RpcChain DSL

The RpcChain DSL is the highest of PAL's three JSON-RPC abstraction layers — a Java API for building multi-step JSON-RPC workflows where each step can depend on the results of previous ones. It handles object reference tracking automatically, so you can create objects, call methods on them, pass them as arguments to other calls, and read back results — all without manually managing ObjectRefs.

For single requests or lower-level control, see JsonRpcMessageFactory. For the raw wire format, see the JSON-RPC Reference.

Module: pal-client

The Problem

Calling instance methods over JSON-RPC requires managing ObjectRefs manually. To call a method on a remote object, you need to:

1. Send a constructor request
2. Parse the response to extract the ObjectRef
3. Include that ObjectRef in the next request

This makes multi-step workflows tedious and error-prone, especially when objects are passed as arguments to other objects. The RpcChain DSL eliminates this bookkeeping.

Quick Example

import io.quasient.pal.dsl.jsonrpc.RpcChain;
import io.quasient.pal.dsl.jsonrpc.RpcChainResult;
import static io.quasient.pal.dsl.jsonrpc.RpcChain.args;

RpcChain chain = new RpcChain(thinPeer);

chain
    .create("java.util.ArrayList", "myList")
    .call("add", args(42))
    .call("add", args(100))
    .call("size", "listSize")
    .send();

RpcChainResult result = chain.getChainResult();
result.getRef("myList");        // ObjectRef for the ArrayList
result.getValue("listSize");    // 2

// When you're done with the underlying ThinPeer
thinPeer.close();

Each .create() constructs an object on the remote peer and tracks its ObjectRef internally. Subsequent .call() invocations target that object. Named results (like "listSize") can be retrieved after .send().

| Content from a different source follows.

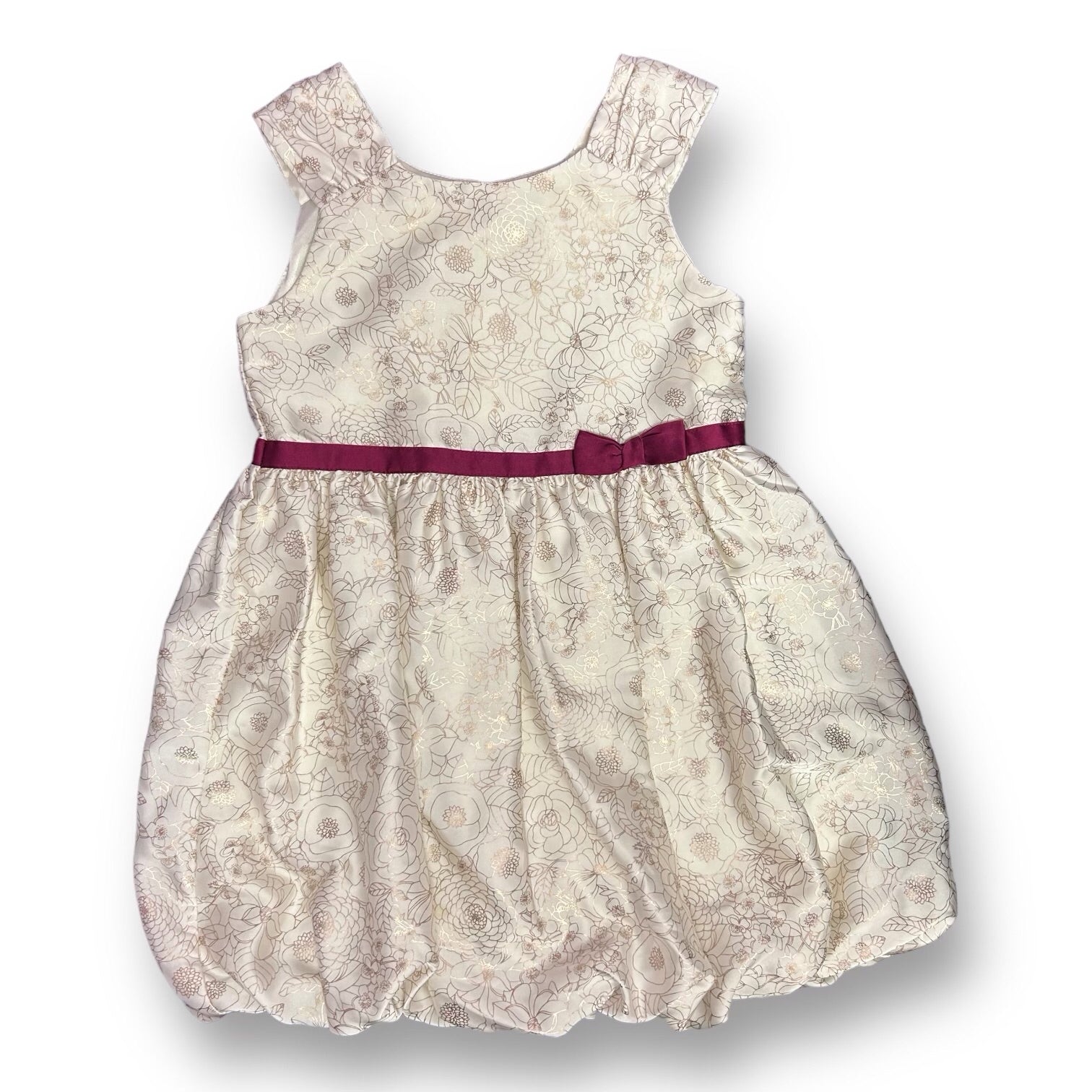 Girls Size 5T Shimmer Gold Floral Print Ivory Sleeveless Silky Dress

Calls are deferred: the fluent methods only build up the chain locally — nothing is sent to the peer until .send() is invoked, at which point all queued operations are dispatched and their responses are matched back to their named slots.

Connecting to a Peer

Before using RpcChain, you need a ThinPeer connected to a running peer via JSON-RPC.

Lookup by UUID

Pass the directory URL and a stub PeerInfo carrying just the target peer's UUID; ThinPeer resolves the UUID against the directory at init() time:

import io.quasient.pal.cxn.ThinPeer;
import io.quasient.pal.common.directory.nodes.PeerInfo;
import io.quasient.pal.messages.types.RpcType;

ThinPeer thinPeer = new ThinPeer()
    .withUuid(UUID.randomUUID())
    .withDirectoryUrl("localhost:2379")
    .withInitialPeer(new PeerInfo(targetPeerUuid))
    .withOutboundRpcType(RpcType.JSON_RPC)
    .init();

Lookup by name

Peer names are unique within a directory. Resolve the name to a PeerInfo (which carries the peer's RPC address) and pass it to ThinPeer — no directory is needed in ThinPeer once the address is known:

import io.quasient.pal.cxn.directory.PalDirectory;

PalDirectory directory = new PalDirectory("localhost:2379");
PeerInfo peer = directory.getPeerByName("my-service");

ThinPeer thinPeer = new ThinPeer()
    .withUuid(UUID.randomUUID())
    .withInitialPeer(peer)
    .withOutboundRpcType(RpcType.JSON_RPC)
    .init();

The directory instance opens an etcd connection. Close it (directory.close()) when you're done with it, alongside thinPeer.close().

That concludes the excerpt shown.